The mayor’s office says the first store will open in 2027 in Hunts Point as part of a broader redevelopment at the former Spofford Juvenile Detention Facility. The redevelopment includes hundreds of affordable housing units, public open space, light industrial space, and community facilities alongside a 20,000-square-foot grocery market intended to serve the South Bronx. Supporters frame the market as part of a larger neighborhood investment, but opponents see a subsidized competitor arriving on valuable public land.

Lehodey also cautioned that public backing gives city-run markets an unfair edge over small grocers that operate without subsidy. “Yeah, the prices might be a little bit cheaper, but that comes at the cost of other businesses running sustainable operations,” he said. He added that subsidizing these projects risks sacrificing public land and revenue that could go toward other priorities. “That land does have value,” Lehodey said. “By giving it out for free, the taxpayer again is losing money, and we’re losing revenue that could have been spent on other things.”

A second location is planned next year at La Marqueta in East Harlem, with the city budgeting roughly $30 million to build that market. Critics point out the neighborhood already has a dense set of grocery options within easy transit reach, including full-service chains and small markets. The argument is simple: if choice and access already exist, taxpayer dollars should not be used to undercut private vendors and disrupt local economies.

Local store owners worry a city-run market will pull away customers and tighten already thin profit margins for neighborhood grocers. “Of course it will affect this store,” said Sarah Kang, manager at a CTown Supermarkets location about a 35-minute walk south, or one subway stop, from La Marqueta. “A lot of people walk 20 to 30 minutes to get here,” she explained to Fox News Digital. “If they find a cheaper supermarket, I don’t think they’ll be willing to make that trip. It’s going to affect small grocery stores. Definitely.”

Other managers suggested the impact will vary by distance and customer patterns. “I hope it doesn’t impact us,” Joel Martinez, a manager at a supermarket near 128th Street and Frederick Douglass Boulevard, told Fox News Digital. “The store will be a little far from us, so that’s good. But it will affect smaller businesses that are closer.” These reactions underscore the real-world pressure independent grocers feel when a publicly supported alternative arrives in the same neighborhood.
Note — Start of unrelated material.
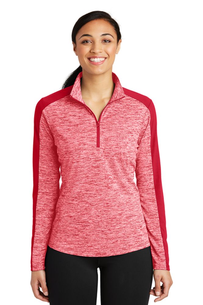 This lightweight pullover locks in color, wicks moisture and has an amped up colorblock look. • 4.1-ounce, 100% polyester yarn-dyed jersey with PosiCharge technology (Electric Heather) • 4.7-ounce, 100% polyester jersey with PosiCharge technology (solid) • Removable tag for comfort and relabeling • Cadet collar • Reverse coil zipper • Colorblock on shoulders and sleeves • Princess seams • Set-in sleeves • Open cuffs and hem • Drop tail hem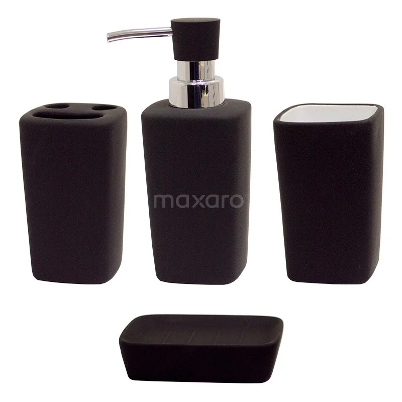 The Edge accessory set equips your bathroom with accessories that match beautifully. This set includes a toothbrush holder, soap dispenser, drinking cup and soap dish. Featuring a sleek design with a black finish, the accessories add an eye-catching touch to your interior. Besides being functional, this accessory set is a stylish addition to the room.

Bodegas and mom-and-pop markets are woven into the fabric of New York neighborhoods and often act as primary food sources for nearby residents. Similar experiments with government-run grocery outlets have surfaced in other cities, with mixed reviews from local business owners and analysts. The debate centers on whether public markets fill true gaps in access or simply introduce taxpayer-subsidized competition where private options already exist.